In 2005, Modi, at that time the chief minister of the Indian state of Gujarat, was the first person denied a U.S. visa under the 1998 International Religious Freedom Act. The primary reason were the riots in Gujarat in 2002 between Muslims and Hindus, which led to almost 1,000 people being killed.
While there was no evidence that Modi, from a Hindu nationalist party, was responsible for the killing of hundred of Muslims, “he was responsible for the performance of state institutions at that time,” said David Mulford, U.S. ambassador to India from 2004-2009, in a statement soon after the visa rejection.

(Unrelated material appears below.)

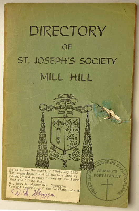 I served in the conflict of 1982 with the Commandos and on the surrender was housed on the hall adjacent to the church. We were well looked after by the Mothers Union who made us bread each day. My mother was a devout RC and a member of the Mothers Union in Birmingham (St Gerard's). She attended church each day I was away. She wrote a letter to Monsignor Spraggon on my return. I met and spoke with Monsignor whilst in the hall and he took us into his house showing the bullet holes in the walls and also the book that you mention. I believe one of the books was a bible and the bullet remained in bible. He was a great person.
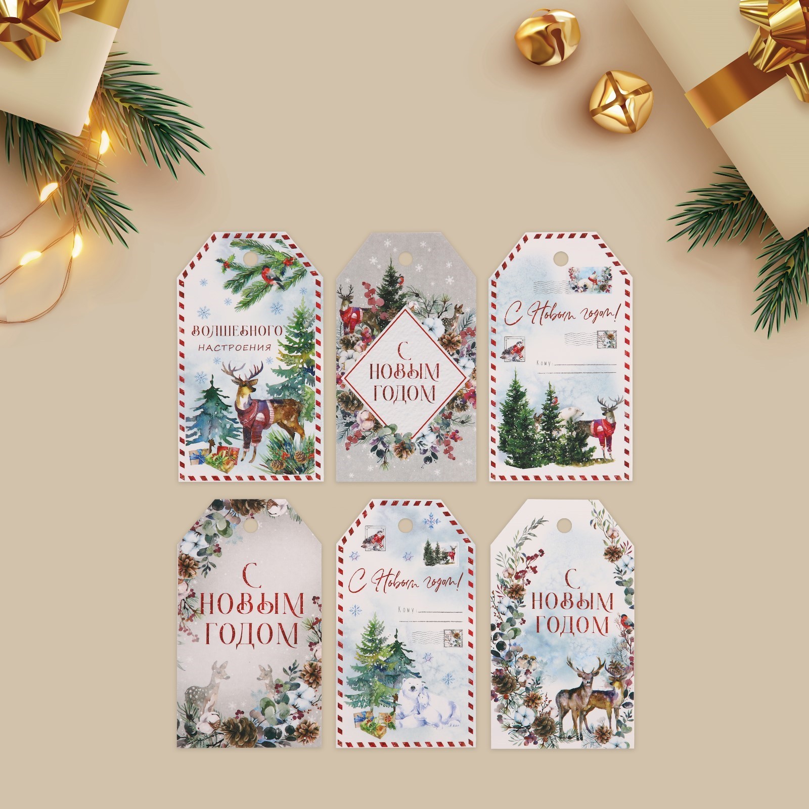 Шильдик новогодний декоративный в наборе «Волшебный праздник», 6 шт., 9×5 см

There is an expectation that Modi’s trip will focus more on “ceremony than substance” in order to overcome that incident, said Vaishnav, from the Carnegie Endowment for International Peace.
Optimism Moving Forward
As the Indian economy grows under Modi, it is imperative Maryland position itself to be the “gateway into the U.S.,” said Shah, from the law firm.
India’s economy is expected to become a “global economic giant” by 2050, with a GDP of $ 34 trillion – which would be more than three times that of Brazil – according to the “World in 2050,” a report by the accounting firm Price Waterhouse.
Economic ties between the two are “becoming more and more important,” he said, with the hope being that Maryland can benefit from India’s expected growth.